ヴィーナスからヴィクトリア シークレットへ

広告は芸術に習う

  • 文: Robert Grunenberg

ジョン・バージャー( John Berger)は、ドキュメンタリー番組「イメージ:視覚とメディア」の最終エピソードで、美術史の女神が商業写真のスーパーモデルになったと述べ、美術と広告という2つの点を結びつけた。私たちは美をどのように解釈するのか? 日々晒される大量のイメージをどのように取り込むのか? 美術史は、それについて多くを語る。わずかな薄絹で身を包んだ裸のヴィーナスは、教会の権威が通用した時代を通じて姿を見せ、現在に至っては、アルコールから下着まで、あらゆるコマーシャルに登場する。美術が美を定義するとすれば、広告は私たちの美に対する称賛を利用して商品を売る。西洋美術で展開された人体の歴史を振り返るとき、視覚文化でイメージが発揮する威力と永続性を理解することができる。ローベルト・グルーネンベルク(Robert Grunenberg)が、肉体的な美を表現する3要素を考察し、グローバル化された世界で美術作品が広告に及ぼす影響を指摘する

Comme des Garcons Fall/Winter 1988 campaign

微笑

イエス キリストを表現した絵画や彫刻で、神の息子の笑顔を見たことがあるだろうか? 答えはノー。なぜならキリストは「LOL」しないから。西洋美術のスーパースターであるにもかかわらず、キリストは静謐な表情しか見せたことがないはずだ。13世紀までは、微笑むどころか、笑いらしきものさえ浮かべなかった 。上機嫌なキリストなど存在しない以上、当時、最高の権威だった彼をさしおいて、笑顔で肖像画のモデルになる者もいなかった。

ビザンティン時代後期や中世初期には、感情をはっきり表情に出すことは醜いと考えられた。キリスト教神学者であったアレクサンドリアのクレメント(Clement of Alexandria)は、著書『パイダゴーゴス』(198年頃)で、笑いは人間の行為の中でも下劣な振る舞いであると卑下した。このエッセーは大きな影響を及ぼした。喜劇を書いた異邦人たちはギリシャの都市国家ポリスに入ることを禁じられ、キリスト教徒が役者になる、ましてや人を笑わせる道化になるなどもっての他とする考えが広まった。笑いは罪深い所業、動物のように制御を失った状態とされた。紀元6世紀の僧たちは、現在私たちが愛して止まないセックス、笑い、快楽のすべてを禁じた「導師の掟」なる厳格かつ肉体嫌悪的な教訓に血道を上げた。
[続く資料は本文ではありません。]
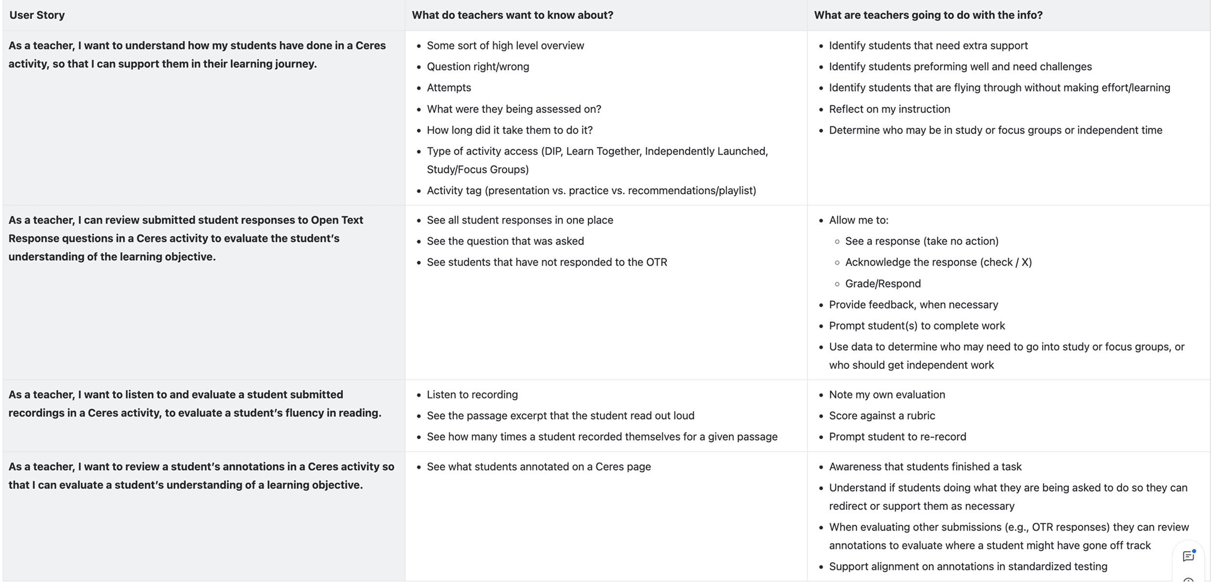 The teacher advisory board, a group of active classroom teachers who met monthly with the product team, responded directly to the product team. Their feedback was unambiguous: this was information they had been wanting. The ability to see page-level progression, access student recordings and open-ended responses without leaving the reports context, and identify students in a "needs review" queue without manually chasing submissions named specific pain points they'd been working around for years.

6世紀の商人たちは、エアブラシで修正したスーパーモデルの力も借りずに、一体どうやって商品を港町で売り捌いたのか? 謎というほかない。

13世紀になって、微笑はようやく超越的感情の表現になった。ランスに建築されたノートルダム大聖堂の正面には喜びに輝く天使たちが登場し、あらゆる感情の中でもっとも崇高な至福が初めて表現された。ランスの微笑む天使たちは、やがて、レオナルド・ダ・ヴィンチの「モナ リザ」のような小生意気な肖像画に道を譲る。おそらく「モナ リザ」は史上もっとも有名な絵画だ。あらゆる人がモナの曖昧な微笑に惹き付けられた。そして、宗教美術、歴史芸術、肖像画で感情表現の新領域を拓くきっかけとなった。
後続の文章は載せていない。